Very little has remained constant for the Wizards through this up and down season, except their propensity to lose to teams with bad records. Washington’s first loss of the season came in an overtime loss to the rebuilding Lakers in which they gave up a ten-point lead with under eight minutes to play in regulation. Their most recent loss came on Friday against the Hawks, the worst team in the Eastern Conference, in a game where the Wizards had a six-point lead with 5:28 to play and lost by six.
Washington now has 14 losses to teams with losing records this season, tied with the Miami Heat for the most among teams still in the playoff hunt. The Wizards are just as baffled as to why that is as everyone else.
“I don’t know. I’m telling you, if I knew, we would figure it out,” Tomas Satoransky said after the game. While he couldn’t pinpoint why the Wizards keep making the same mistakes, he provided a thorough breakdown of what the mistakes are and how they’re hurting the team.
“The ball just stopped moving,” he said. “We are not cutting, we are waiting on what someone with the ball will do. That’s not the way, that’s not the way how we won the games, how we were playing for each other. It’s still a week before the playoffs. We have to do something and we have to do it quickly because this was real bad. It’s a bad image for the whole team.”
Bradley Beal dominated the offense on Friday with John Wall out, as the team opted to rest him on the second night of a back-to-back. Although Beal scored 32 points, he launched 24 shots, nearly three times as many as Otto Porter, the starter with the next highest total. Only four of Beal’s field goals were assisted.
As a team, the Wizards only had 18 assists, their fewest in a game since January 22. It was well off their season average of 25.3 per game, the fourth-best mark in the league. Marcin Gortat wound up leading the team with four assists. The night before in Cleveland, John Wall posted 14 assists alone.
“The ball has been sticking,” Porter said after the game. “We’ve got to do a better job of moving the ball. Looking for the extra pass, looking for the right pass. Saving the home run passes. Turnovers [are] putting us in a bad position.”
Scott Brooks also pointed to the lack of passing as an issue in the loss. “Nobody wanted to share the basketball tonight,” he said. “When you do that you end up taking bad shots. And when you take bad shots, you end up missing. [...] If you don’t pass to your teammates, you’re not going to end up getting good shots. One-on-one players, there aren’t many in this league, and we don’t have one on our team.”

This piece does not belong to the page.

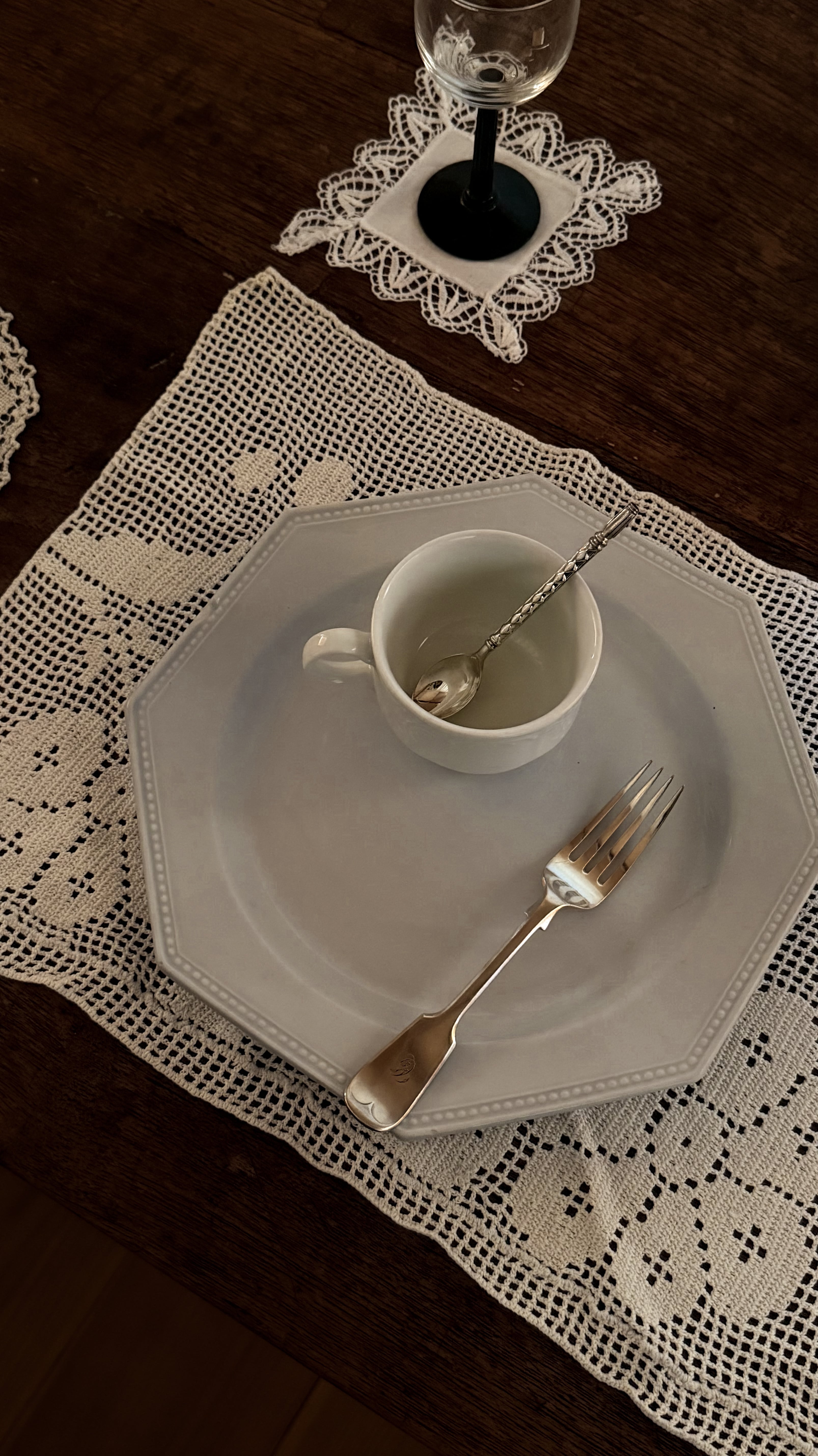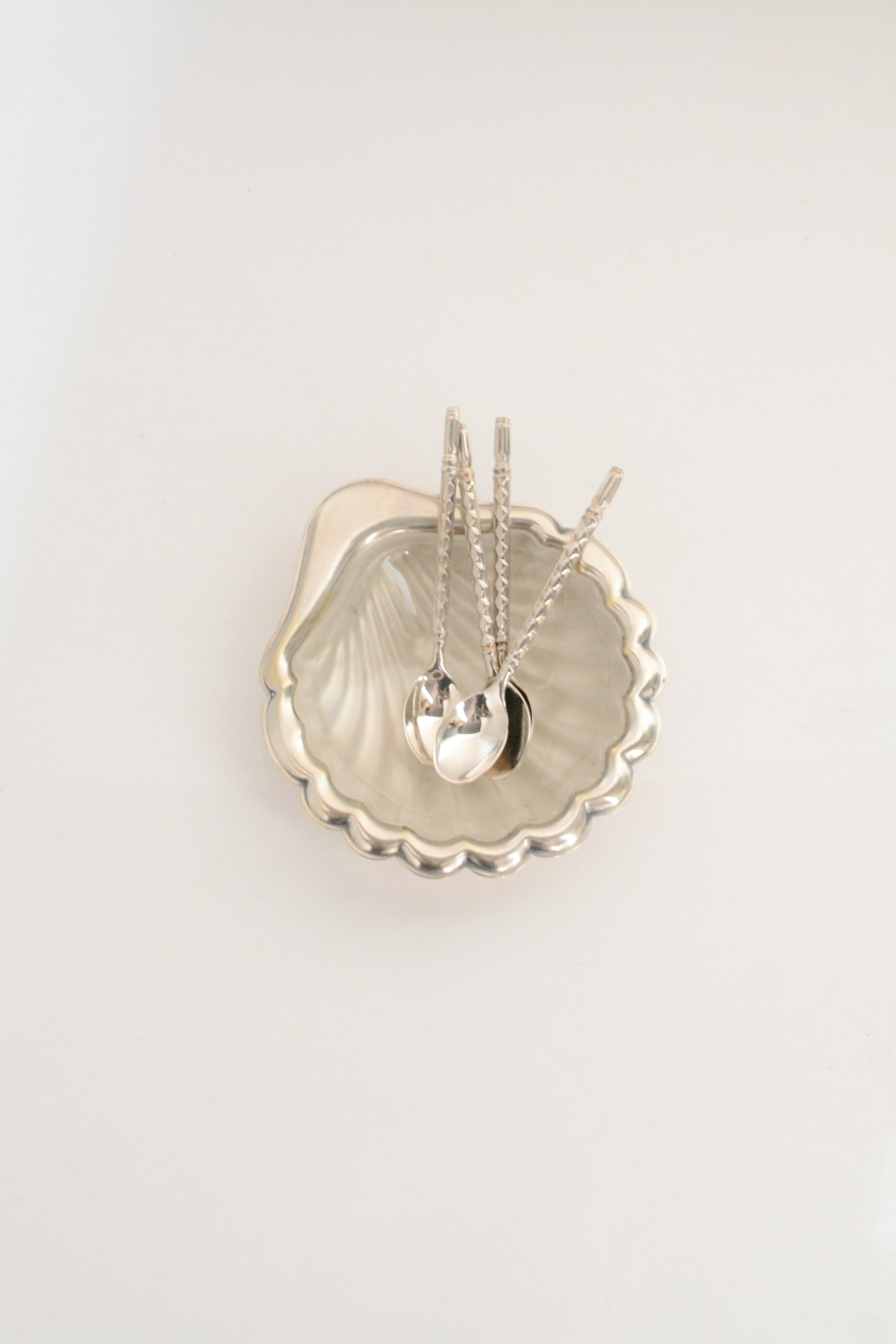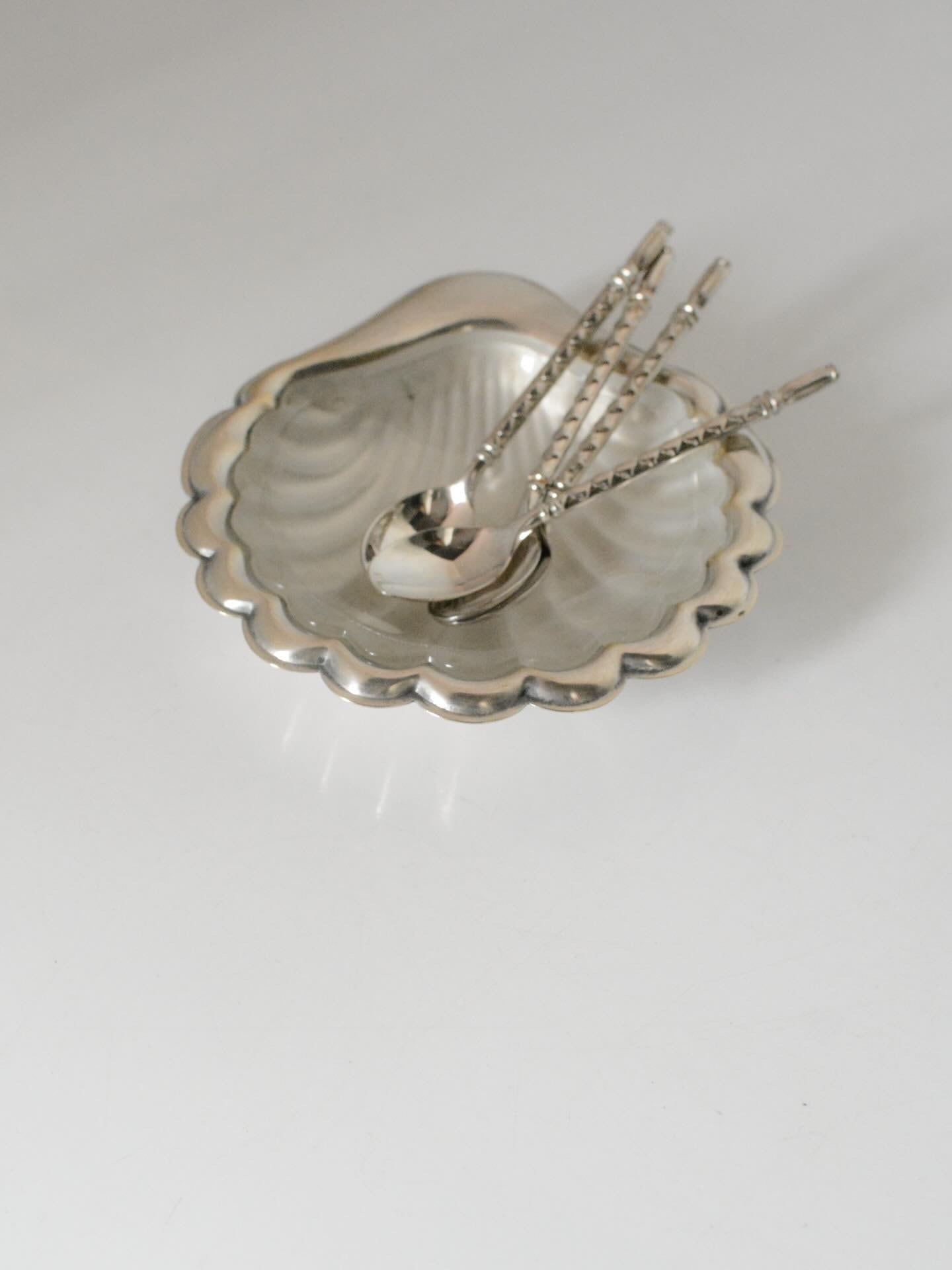静かな光をまとった、ヴィンテージスプーン。ハンドルには、ダイヤモンドモチーフがリズムよく刻まれ、手に取るたび、ささやかな装飾美を感じさせます。派手さはなく、語りすぎない佇まい。金属の冷たさと、やわらかな表情が、日常の中に静かな余白を生み出します。時を重ねたものならではの小さな擦れや陰影も、このスプーンの一部としてお楽しみください。ささやかなテーブルでの休息のひとときに、あるいは、引き出しの中の小さなコレクションとして。小傷などございますが、ヴィンテージとしては比較的綺麗な状態です。

Beal’s ISO-heavy attack was far from the only issue, however. Markieff Morris’ inconsistent play reared its ugly head in Friday’s game. A night after playing 30 minutes of efficient, foul-free basketball, Morris hoisted six shots in the first eight minutes of the game against Atlanta, only making one, then promptly got ejected from the game after mouthing off to the refs.
“You can’t get frustrated enough to get thrown out of a game, especially when we’re shorthanded,” Brooks said. “We talked after; he apologized. He feels bad but we can’t put ourselves in that position. He knows that. He’s been in this league long enough and we cannot continue to put ourselves in those positions.”
Even with all those issues, the Wizards probably could have survived if not for yet another disappointing defensive effort. Six Hawks scored in double-figures, including Tyler Dorsey (22 points) and Damion Lee (11 points) off the bench. There was no communication, no help defense, no aggressiveness, and countless mental mistakes.
They appeared discombobulated in transition:
Lost on pick-and-roll coverage:
And generally just a step behind on every key possession:
“Defensively, we made the same mistakes,’ Brooks said. “[We] get beat backdoor, we get beat on offensive rebounds. We don’t help the helper. When you don’t do that, you hope that they miss, and you’re playing with fire. How we play when we’re at our best, we make them miss, and then we make the extra pass. It’s fun to coach, it’s fun to play and it’s fun to watch. Right now, we’re not doing any of the above.”
At the end of the day, it comes down to being disciplined enough to play whoever the opponent is. Washington needs to understand that even the NBA’s bottom feeders can beat them on any given night.
“You have to respect everyone who plays in the NBA,” Satoransky said. “Guys who did not play in the season for those teams, they are fighting, they are hustling. They want to have a place in this league. You have to respect that. It’s not like they want to lose. Everyone in the NBA is good and we have to respect that. I feel like we didn’t do that today and it’s really bad from all of us. We just have to blame all of us because it’s a team sport and we really have to do better.”
The good news for Washington is they won’t have to face any teams with losing records once the playoffs start. But when a series gets tight and goes to a deciding Game 7, they may wish they had taken these losses a little more seriously.